I have profiled a gan network and see that the following kernel is the most important one:
_ZN2at6native18elementwise_kernelILi512ELi1EZNS0_15gpu_kernel_implIZZZNS0_15add_kernel_cudaERNS_14TensorIteratorEN3c106ScalarEENKUlvE_clEvENKUlvE2_clEvEUlffE_EEvS4_RKT_EUliE0_EEviT1_
Using demangler.com, the real name is
void at::native::elementwise_kernel<512, 1, at::native::gpu_kernel_impl<at::native::add_kernel_cuda(at::TensorIterator&, c10::Scalar)::{lambda()#1}::operator()() const::{lambda()#4}::operator()() const::{lambda(float, float)#1}>(at::TensorIterator&, at::native::add_kernel_cuda(at::TensorIterator&, c10::Scalar)::{lambda()#1}::operator()() const::{lambda()#4}::operator()() const::{lambda(float, float)#1} const&)::{lambda(int)#2}>(int, at::native::gpu_kernel_impl<at::native::add_kernel_cuda(at::TensorIterator&, c10::Scalar)::{lambda()#1}::operator()() const::{lambda()#4}::operator()() const::{lambda(float, float)#1}>(at::TensorIterator&, at::native::add_kernel_cuda(at::TensorIterator&, c10::Scalar)::{lambda()#1}::operator()() const::{lambda()#4}::operator()() const::{lambda(float, float)#1} const&)::{lambda(int)#2})

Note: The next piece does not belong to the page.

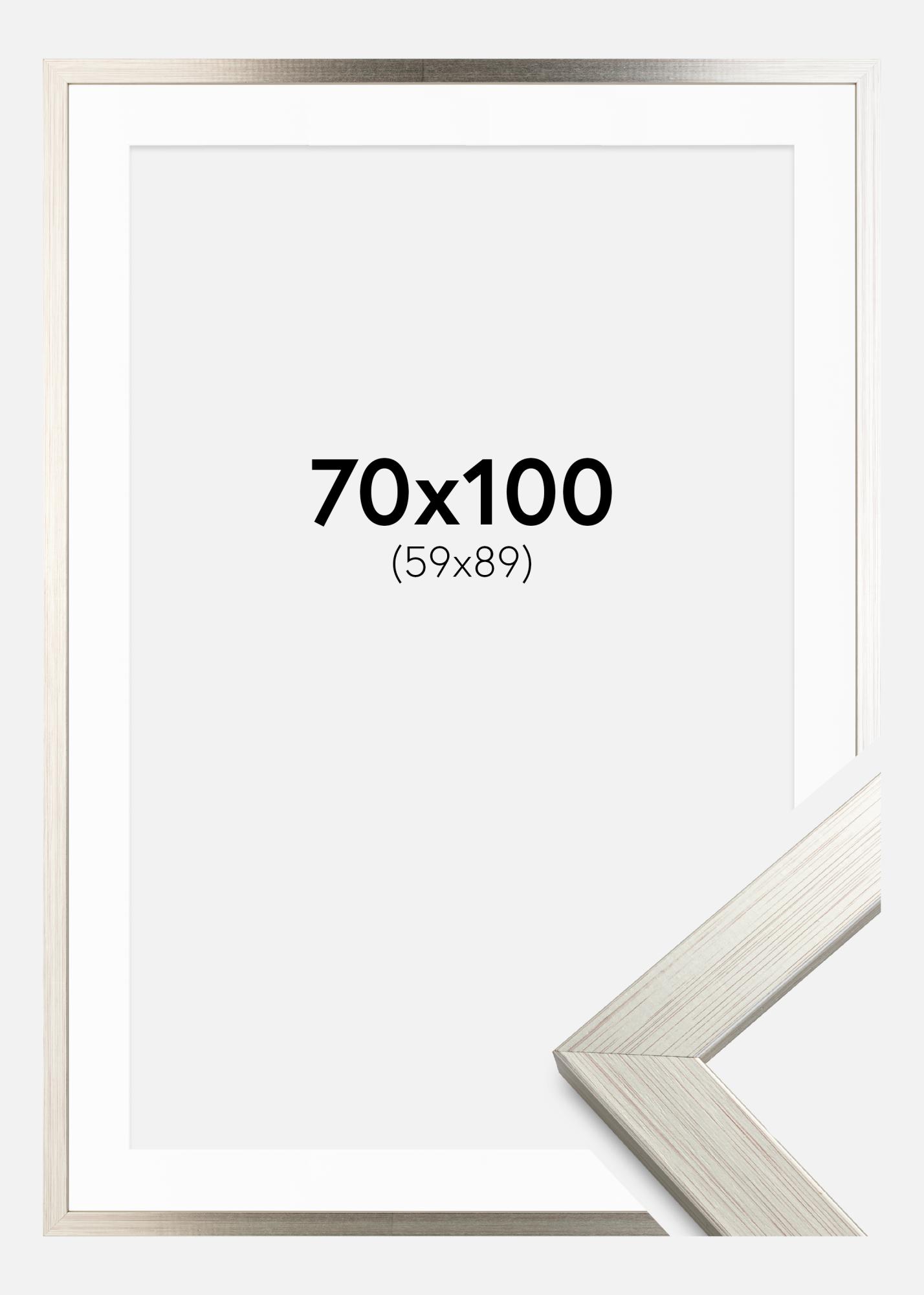 Rahmen Silver Wood 70x100 cm - Passepartout Weiß 60x90 cm

When I grep elementwise_kernel
, the implementation is in ./aten/src/ATen/native/cuda/Loops.cuh
as below
template<int nt, int vt, typename func_t>
C10_LAUNCH_BOUNDS_2(nt, launch_bound2)
__global__ void elementwise_kernel(int N, func_t f) {
int tid = threadIdx.x;
int nv = nt * vt;
int idx = nv * blockIdx.x + tid;
#pragma unroll
for (int i = 0; i < vt; i++) {
if (idx < N) {
f(idx);
idx += nt;
}
}
}
So, the important thing is func_t f
. From the demangler, I am confused with the function name. which one is correct?
gpu_kernel_impl
or
add_kernel_cuda
?
Any thought?